ENUM registers as a type in PostgreSQL. This means if you use an ENUM extensively you are basically locking yourself into the use of the type. In short if you need to modify an ENUM you drop the ENUM and recreate it. You can't drop an ENUM if a relation is using it. There are some interesting functions available with ENUM but I am having a hard time seeing a use case for the type as a whole. An ENUM type in theory lends itself specifically to this type of problem so I have included it.

A DOMAIN for this problem suffers from the same problems as ENUM as it registers as a type. However a DOMAIN is more flexible as you can apply complex logic to the validation (just as you can with a CHECK). For example a DOMAIN could contain the regex to validate if a email address is correctly formed. I have used domains many times in the past to create complex validating types. They are useful.

So what does all this boil down to? I have listed the pros and cons of managing each method above but what I haven't mentioned is performance. What is the particular performance bottleneck for each method? Read on, to find out for yourself. First I created a table for the CHECK constraint test:

CREATE TABLE check_test (
   foo text CHECK(foo IN ('text','html')), 
   bar int);
Then the tables for the FK test:
CREATE TABLE fk (foo text PRIMARY KEY);
CREATE TABLE fk_test (
   foo text REFERENCES fk(foo),
   bar int);
I then created a series of 10000 queries. Each query executed 5000 times individually.
INSERT INTO check_test VALUES('text',5);
INSERT INTO check_test VALUES('html',5);
CHECK Test: 1
real	0m10.144s
user	0m0.200s
sys	0m0.292s
CHECK Test: 2
real	0m11.667s
user	0m0.356s
sys	0m0.256s
O.k. so what about Foreign Keys? FK Test 1:
real	0m11.106s
user	0m0.356s
sys	0m0.252s
FK Test 2:
real	0m11.566s
user	0m0.256s
sys	0m0.272s
O.k. about the same. What about if all 10000 are in a single transaction? CHECK Test: 3 single transaction
real	0m1.143s
user	0m0.184s
sys	0m0.180s
FK Test: 3 single transaction
real	0m1.476s
user	0m0.184s
sys	0m0.228s
O.k. this is closer than I thought it would be. I expected an FK to be much slower and in my individual tests it actually is.
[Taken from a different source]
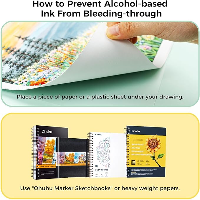 - EASY-BLENDING & FAST-DRYING: Forget about blotchy, uneven coloring. High-quality ink, which is non-toxic and quick drying, blends seamlessly to achieve beautiful coloring effects, making it perfect for beginners. To prevent alcohol-based ink from bleeding through, put a plastic sheet under the paper or use Ohuhu marker sketchbooks or heavy-weight papers. Plus, please cover promptly after use for longer use.

Just out of curiousity, what about ENUM?
CREATE TYPE content_type AS ENUM('text','html');
CREATE TABLE enum_test (foo content_type, bar int);
ENUM Test: 1
real	0m9.124s
user	0m0.288s
sys	0m0.196s
ENUM Test: 2 single transaction
real	0m1.025s
user	0m0.152s
sys	0m0.192s
O.k. one last test... what about a DOMAIN?
CREATE DOMAIN d_content_type AS text CHECK(VALUE IN ('text','html'));
CREATE TABLE domain_test (foo d_content_type, bar int);
DOMAIN Test: 1
real	0m10.860s
user	0m0.340s
sys	0m0.260s
Domain Test: 2 single transaction
real	0m1.316s
user	0m0.172s
sys	0m0.188s